◆ Task requirements
Take the listing below and print exactly the lines starting at the line containing "Cercel ear cuff" and ending at the line containing "ลงพื้นที่ฉีดพ่", both ends included, and no others.

◆ Entries shown
________________________________________
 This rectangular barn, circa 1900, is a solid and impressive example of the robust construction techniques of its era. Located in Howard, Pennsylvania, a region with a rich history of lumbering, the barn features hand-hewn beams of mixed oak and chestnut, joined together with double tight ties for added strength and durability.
________________________________________
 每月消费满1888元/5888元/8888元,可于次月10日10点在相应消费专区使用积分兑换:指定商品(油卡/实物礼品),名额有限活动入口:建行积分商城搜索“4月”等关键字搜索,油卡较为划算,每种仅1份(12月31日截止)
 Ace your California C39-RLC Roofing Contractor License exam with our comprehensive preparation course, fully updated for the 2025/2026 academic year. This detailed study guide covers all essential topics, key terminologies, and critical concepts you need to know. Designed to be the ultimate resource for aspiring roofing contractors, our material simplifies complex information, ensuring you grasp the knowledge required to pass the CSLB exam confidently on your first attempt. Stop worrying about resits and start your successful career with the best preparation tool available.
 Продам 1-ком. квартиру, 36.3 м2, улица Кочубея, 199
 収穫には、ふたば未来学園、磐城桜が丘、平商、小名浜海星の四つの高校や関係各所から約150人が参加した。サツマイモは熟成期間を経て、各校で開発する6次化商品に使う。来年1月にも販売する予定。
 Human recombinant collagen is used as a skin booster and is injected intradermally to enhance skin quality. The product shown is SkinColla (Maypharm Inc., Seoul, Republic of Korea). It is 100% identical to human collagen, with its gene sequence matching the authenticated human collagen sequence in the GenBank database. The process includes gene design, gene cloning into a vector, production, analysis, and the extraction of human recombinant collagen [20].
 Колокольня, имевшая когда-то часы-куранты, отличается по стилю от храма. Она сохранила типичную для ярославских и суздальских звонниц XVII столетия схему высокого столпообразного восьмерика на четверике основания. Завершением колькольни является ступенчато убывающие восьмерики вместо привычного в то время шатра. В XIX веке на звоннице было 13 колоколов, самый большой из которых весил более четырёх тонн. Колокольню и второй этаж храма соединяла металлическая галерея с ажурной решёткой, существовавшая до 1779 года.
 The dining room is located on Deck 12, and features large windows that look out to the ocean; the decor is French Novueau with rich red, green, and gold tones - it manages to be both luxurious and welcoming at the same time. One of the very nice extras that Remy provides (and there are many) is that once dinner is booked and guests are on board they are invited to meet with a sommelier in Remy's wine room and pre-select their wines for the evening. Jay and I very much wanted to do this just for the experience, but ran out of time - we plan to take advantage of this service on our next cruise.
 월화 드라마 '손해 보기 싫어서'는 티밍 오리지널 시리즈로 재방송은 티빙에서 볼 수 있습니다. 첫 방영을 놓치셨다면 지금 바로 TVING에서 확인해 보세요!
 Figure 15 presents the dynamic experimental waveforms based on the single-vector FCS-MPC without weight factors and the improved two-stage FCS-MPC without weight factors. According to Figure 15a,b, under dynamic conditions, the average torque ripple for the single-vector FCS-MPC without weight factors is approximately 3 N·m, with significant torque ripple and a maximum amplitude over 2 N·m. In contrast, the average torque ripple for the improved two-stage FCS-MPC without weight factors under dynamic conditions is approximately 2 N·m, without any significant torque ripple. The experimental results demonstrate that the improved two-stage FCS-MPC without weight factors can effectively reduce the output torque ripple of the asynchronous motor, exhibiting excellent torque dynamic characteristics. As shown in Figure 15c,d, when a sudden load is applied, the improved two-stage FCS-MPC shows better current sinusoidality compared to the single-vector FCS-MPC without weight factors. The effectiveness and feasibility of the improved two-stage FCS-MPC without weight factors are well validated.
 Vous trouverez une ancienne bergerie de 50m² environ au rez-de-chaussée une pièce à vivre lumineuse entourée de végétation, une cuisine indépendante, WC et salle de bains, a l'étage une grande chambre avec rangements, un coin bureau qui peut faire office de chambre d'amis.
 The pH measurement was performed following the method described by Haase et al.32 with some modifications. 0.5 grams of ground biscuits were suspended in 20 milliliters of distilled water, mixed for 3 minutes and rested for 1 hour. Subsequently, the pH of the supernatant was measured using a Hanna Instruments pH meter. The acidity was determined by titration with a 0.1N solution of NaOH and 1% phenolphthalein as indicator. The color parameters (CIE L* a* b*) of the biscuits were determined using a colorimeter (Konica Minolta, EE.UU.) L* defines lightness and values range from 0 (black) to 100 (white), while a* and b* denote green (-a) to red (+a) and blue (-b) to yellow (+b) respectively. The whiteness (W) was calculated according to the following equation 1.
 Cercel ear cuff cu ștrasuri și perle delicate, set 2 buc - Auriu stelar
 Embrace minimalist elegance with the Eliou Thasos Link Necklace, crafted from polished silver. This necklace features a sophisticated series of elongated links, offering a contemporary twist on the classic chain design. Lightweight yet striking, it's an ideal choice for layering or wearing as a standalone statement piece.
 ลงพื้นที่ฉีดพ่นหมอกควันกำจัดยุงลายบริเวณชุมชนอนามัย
________________________________________
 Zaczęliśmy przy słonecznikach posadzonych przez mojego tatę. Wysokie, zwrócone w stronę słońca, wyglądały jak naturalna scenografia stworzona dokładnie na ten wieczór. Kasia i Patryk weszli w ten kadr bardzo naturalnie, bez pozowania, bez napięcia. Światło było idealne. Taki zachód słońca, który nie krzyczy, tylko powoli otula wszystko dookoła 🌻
________________________________________
◆ Answer to this exercise
 Cercel ear cuff cu ștrasuri și perle delicate, set 2 buc - Auriu stelar
 Embrace minimalist elegance with the Eliou Thasos Link Necklace, crafted from polished silver. This necklace features a sophisticated series of elongated links, offering a contemporary twist on the classic chain design. Lightweight yet striking, it's an ideal choice for layering or wearing as a standalone statement piece.
 ลงพื้นที่ฉีดพ่นหมอกควันกำจัดยุงลายบริเวณชุมชนอนามัย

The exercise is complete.